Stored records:
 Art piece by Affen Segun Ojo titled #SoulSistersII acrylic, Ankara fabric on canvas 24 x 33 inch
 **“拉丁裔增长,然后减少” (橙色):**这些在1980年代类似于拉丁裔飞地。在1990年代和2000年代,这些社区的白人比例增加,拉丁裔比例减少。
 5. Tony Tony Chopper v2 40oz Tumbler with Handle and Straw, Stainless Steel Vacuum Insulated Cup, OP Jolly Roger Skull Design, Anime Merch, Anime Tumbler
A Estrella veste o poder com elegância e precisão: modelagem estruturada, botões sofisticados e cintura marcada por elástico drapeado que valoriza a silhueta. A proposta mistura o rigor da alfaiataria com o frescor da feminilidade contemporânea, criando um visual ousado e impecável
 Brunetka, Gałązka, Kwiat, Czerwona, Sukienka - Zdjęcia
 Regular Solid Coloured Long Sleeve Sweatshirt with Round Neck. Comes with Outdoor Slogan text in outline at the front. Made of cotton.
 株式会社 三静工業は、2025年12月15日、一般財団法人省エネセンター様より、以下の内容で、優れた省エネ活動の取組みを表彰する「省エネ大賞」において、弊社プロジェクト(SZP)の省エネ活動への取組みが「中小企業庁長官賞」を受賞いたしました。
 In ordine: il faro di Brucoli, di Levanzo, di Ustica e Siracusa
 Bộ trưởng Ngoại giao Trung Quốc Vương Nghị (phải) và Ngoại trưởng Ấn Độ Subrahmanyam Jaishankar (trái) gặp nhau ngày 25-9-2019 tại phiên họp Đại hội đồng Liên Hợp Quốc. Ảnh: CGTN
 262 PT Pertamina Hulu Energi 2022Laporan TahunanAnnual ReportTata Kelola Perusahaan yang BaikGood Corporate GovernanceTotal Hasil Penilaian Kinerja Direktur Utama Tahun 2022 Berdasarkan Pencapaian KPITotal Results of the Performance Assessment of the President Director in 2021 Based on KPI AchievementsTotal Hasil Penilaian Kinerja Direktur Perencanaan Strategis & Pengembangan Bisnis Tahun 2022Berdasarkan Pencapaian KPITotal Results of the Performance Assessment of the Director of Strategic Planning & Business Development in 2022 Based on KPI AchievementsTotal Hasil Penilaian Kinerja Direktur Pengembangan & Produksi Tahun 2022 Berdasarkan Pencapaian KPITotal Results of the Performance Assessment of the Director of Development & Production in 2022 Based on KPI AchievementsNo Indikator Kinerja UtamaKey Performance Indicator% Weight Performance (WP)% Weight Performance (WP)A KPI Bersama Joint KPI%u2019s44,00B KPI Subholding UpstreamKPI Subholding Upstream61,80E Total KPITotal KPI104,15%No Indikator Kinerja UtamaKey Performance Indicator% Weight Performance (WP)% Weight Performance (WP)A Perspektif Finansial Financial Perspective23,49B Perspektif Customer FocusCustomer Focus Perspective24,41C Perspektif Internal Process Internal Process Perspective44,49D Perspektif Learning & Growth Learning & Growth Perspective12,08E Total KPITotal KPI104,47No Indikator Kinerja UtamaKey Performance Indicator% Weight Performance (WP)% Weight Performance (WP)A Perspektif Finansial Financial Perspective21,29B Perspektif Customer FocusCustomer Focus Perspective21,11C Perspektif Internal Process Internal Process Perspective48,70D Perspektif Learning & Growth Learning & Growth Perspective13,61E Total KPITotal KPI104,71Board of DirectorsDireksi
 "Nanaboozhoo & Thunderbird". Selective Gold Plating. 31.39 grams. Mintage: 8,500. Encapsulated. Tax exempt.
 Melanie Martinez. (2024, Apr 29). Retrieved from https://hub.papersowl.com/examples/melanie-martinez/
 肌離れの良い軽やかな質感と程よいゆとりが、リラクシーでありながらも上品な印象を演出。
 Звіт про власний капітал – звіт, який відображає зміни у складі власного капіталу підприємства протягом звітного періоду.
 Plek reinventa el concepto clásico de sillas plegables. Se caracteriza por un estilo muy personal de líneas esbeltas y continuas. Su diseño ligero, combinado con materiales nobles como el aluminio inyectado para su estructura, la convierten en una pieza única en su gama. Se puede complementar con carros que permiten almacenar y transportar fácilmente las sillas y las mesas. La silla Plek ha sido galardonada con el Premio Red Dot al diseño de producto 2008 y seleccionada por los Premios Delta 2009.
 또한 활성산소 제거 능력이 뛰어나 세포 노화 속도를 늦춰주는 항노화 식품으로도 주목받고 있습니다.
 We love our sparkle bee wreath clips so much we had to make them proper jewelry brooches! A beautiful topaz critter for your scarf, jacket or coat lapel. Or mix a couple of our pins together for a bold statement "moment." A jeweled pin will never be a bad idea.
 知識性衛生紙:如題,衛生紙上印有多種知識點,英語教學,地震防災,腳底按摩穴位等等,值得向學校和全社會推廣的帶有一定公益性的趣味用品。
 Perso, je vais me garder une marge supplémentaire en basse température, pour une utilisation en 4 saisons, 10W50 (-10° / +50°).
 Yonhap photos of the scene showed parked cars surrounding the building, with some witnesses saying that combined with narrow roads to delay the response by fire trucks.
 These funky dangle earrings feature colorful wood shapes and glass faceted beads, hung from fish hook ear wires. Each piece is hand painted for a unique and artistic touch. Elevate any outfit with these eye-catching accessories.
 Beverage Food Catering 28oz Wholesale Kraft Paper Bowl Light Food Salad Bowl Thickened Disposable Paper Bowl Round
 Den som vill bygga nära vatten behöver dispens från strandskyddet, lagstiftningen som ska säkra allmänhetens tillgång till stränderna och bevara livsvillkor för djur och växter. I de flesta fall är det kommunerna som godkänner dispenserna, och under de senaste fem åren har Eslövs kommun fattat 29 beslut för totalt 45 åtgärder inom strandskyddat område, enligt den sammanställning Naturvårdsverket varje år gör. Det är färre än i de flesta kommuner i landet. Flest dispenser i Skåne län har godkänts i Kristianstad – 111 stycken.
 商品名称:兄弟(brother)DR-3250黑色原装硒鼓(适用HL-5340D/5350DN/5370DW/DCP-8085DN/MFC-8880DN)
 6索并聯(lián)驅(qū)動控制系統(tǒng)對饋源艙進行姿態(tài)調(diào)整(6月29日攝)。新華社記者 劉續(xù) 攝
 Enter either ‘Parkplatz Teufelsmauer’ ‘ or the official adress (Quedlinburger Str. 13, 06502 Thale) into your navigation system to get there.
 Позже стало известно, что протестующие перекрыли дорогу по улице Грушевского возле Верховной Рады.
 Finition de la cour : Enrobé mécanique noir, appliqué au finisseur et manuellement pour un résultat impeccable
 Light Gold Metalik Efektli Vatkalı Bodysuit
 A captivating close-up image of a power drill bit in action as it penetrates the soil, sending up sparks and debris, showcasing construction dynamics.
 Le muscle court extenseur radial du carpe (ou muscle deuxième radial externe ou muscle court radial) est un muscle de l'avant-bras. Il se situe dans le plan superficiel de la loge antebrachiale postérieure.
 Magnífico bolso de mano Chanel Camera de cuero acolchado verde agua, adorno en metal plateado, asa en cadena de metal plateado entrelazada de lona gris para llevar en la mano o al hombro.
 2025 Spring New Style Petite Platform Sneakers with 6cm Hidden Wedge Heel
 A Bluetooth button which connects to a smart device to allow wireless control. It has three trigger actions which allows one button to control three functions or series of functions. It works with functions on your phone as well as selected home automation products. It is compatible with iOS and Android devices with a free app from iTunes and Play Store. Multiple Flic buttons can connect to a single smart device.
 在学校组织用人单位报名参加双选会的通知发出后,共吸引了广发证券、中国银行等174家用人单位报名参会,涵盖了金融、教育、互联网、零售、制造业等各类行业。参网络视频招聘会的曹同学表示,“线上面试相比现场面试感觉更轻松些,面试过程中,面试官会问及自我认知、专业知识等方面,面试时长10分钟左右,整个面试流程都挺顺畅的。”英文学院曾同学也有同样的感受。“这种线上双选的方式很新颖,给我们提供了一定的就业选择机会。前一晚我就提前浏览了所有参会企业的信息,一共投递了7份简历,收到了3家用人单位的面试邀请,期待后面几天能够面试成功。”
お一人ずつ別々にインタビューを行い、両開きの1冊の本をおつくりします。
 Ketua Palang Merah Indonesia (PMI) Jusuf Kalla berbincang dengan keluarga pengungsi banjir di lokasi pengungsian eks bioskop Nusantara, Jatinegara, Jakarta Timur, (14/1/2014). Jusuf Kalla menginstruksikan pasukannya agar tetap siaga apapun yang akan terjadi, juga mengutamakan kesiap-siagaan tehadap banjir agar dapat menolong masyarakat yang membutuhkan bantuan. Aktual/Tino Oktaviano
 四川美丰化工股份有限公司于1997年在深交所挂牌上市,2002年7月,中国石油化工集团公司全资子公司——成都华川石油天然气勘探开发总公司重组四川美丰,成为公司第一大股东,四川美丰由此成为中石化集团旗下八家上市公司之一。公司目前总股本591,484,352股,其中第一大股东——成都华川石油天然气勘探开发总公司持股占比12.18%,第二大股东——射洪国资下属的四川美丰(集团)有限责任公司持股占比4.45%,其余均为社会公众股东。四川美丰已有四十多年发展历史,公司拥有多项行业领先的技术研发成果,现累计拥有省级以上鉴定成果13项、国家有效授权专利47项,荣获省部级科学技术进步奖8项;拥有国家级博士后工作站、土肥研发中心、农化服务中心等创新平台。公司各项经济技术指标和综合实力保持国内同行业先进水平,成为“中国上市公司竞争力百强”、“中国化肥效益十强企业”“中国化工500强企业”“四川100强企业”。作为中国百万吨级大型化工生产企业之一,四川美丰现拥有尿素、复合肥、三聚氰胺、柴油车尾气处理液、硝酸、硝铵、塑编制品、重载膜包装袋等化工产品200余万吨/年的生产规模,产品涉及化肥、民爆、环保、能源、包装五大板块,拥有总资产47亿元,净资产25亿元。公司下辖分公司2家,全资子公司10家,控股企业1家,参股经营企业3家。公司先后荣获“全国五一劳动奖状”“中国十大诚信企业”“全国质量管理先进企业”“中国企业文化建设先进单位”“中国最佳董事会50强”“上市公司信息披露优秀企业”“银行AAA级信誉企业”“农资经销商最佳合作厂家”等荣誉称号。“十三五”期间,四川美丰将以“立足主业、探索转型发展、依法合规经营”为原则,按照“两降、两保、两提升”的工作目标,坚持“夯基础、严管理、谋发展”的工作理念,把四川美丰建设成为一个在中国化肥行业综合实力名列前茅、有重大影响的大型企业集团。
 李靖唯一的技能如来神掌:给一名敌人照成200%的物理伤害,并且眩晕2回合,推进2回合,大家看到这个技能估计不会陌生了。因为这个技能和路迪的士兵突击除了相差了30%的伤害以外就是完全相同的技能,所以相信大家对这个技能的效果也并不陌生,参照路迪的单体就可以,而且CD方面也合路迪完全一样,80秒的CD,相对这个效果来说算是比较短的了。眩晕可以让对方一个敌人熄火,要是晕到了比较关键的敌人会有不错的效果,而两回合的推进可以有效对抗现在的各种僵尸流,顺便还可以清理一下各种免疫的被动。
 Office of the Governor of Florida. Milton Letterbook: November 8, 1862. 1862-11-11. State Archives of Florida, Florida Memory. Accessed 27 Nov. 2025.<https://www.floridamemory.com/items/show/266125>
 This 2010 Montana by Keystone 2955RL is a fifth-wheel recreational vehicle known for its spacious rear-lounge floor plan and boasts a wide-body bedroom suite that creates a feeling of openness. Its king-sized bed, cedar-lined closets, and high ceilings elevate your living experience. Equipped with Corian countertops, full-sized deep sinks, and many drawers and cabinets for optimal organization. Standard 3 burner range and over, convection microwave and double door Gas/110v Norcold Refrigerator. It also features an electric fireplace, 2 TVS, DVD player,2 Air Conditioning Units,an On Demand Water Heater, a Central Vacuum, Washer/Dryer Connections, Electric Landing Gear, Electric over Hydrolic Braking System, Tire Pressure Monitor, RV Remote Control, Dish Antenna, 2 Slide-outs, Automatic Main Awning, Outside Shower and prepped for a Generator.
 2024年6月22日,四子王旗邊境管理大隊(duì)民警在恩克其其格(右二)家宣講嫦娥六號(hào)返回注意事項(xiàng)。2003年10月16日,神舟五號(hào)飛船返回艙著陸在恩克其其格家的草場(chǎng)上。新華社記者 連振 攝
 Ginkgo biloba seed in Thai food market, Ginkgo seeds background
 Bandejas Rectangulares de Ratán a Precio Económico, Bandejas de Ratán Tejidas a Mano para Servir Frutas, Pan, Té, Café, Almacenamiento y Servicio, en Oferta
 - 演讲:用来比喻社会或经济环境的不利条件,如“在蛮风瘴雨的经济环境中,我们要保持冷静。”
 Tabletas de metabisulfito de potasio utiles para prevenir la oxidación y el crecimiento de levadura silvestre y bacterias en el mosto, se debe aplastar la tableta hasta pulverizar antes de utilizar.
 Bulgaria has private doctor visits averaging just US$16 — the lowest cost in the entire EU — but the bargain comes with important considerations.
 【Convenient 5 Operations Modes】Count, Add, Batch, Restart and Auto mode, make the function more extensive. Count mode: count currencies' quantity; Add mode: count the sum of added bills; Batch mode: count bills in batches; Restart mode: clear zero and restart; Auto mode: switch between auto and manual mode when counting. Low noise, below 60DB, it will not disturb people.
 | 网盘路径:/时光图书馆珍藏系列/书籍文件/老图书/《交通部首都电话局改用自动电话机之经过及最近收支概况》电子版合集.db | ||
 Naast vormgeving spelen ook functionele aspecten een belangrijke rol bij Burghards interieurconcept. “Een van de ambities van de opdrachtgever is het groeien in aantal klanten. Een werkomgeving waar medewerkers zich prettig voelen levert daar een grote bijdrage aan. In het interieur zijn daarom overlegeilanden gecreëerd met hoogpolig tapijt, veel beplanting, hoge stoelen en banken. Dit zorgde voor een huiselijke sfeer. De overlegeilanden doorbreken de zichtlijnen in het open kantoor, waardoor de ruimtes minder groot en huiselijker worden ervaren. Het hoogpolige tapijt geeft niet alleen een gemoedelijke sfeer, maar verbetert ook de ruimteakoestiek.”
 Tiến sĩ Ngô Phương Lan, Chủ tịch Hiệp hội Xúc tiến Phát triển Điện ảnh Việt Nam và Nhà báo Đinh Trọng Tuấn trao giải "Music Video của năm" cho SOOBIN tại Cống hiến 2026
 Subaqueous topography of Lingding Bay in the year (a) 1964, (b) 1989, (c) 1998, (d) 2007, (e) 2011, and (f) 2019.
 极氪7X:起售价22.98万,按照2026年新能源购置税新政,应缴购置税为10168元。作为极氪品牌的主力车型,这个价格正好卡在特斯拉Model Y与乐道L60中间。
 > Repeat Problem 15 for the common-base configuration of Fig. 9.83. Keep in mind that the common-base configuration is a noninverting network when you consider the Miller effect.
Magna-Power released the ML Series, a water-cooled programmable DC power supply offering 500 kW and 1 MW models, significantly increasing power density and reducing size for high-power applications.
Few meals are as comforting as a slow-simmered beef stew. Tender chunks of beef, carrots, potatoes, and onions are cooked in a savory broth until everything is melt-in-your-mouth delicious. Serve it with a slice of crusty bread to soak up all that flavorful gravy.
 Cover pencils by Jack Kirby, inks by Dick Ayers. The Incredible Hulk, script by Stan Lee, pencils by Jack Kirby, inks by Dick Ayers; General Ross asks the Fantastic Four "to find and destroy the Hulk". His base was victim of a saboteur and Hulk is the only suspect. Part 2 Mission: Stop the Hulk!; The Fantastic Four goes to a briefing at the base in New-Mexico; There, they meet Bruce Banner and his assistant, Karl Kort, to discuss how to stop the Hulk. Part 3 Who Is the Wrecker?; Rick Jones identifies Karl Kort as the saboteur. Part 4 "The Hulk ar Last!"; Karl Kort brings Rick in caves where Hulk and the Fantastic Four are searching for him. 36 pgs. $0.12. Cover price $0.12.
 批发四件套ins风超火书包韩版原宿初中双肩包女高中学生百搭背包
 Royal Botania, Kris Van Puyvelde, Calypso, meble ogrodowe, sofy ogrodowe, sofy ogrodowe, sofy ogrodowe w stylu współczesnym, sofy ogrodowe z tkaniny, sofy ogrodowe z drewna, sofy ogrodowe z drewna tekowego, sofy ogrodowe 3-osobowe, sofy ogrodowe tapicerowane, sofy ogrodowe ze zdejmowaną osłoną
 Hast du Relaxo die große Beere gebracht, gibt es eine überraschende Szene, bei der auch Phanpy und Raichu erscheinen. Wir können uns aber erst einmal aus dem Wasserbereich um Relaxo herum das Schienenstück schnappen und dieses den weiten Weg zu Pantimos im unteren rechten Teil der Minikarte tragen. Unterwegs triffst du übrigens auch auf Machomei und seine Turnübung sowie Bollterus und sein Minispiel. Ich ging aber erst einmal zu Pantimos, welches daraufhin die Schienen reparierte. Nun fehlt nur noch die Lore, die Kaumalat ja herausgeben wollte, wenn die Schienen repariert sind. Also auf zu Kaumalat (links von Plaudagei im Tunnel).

▶ _What the exercise asks_
The output should be exactly the lines above from the line containing "These funky dangle" to the line containing "Enter either ‘Parkplatz", inclusive, with no other lines.

▶ _Exercise solution_
 These funky dangle earrings feature colorful wood shapes and glass faceted beads, hung from fish hook ear wires. Each piece is hand painted for a unique and artistic touch. Elevate any outfit with these eye-catching accessories.
 Beverage Food Catering 28oz Wholesale Kraft Paper Bowl Light Food Salad Bowl Thickened Disposable Paper Bowl Round
 Den som vill bygga nära vatten behöver dispens från strandskyddet, lagstiftningen som ska säkra allmänhetens tillgång till stränderna och bevara livsvillkor för djur och växter. I de flesta fall är det kommunerna som godkänner dispenserna, och under de senaste fem åren har Eslövs kommun fattat 29 beslut för totalt 45 åtgärder inom strandskyddat område, enligt den sammanställning Naturvårdsverket varje år gör. Det är färre än i de flesta kommuner i landet. Flest dispenser i Skåne län har godkänts i Kristianstad – 111 stycken.
 商品名称:兄弟(brother)DR-3250黑色原装硒鼓(适用HL-5340D/5350DN/5370DW/DCP-8085DN/MFC-8880DN)
 6索并聯(lián)驅(qū)動控制系統(tǒng)對饋源艙進行姿態(tài)調(diào)整(6月29日攝)。新華社記者 劉續(xù) 攝
 Enter either ‘Parkplatz Teufelsmauer’ ‘ or the official adress (Quedlinburger Str. 13, 06502 Thale) into your navigation system to get there.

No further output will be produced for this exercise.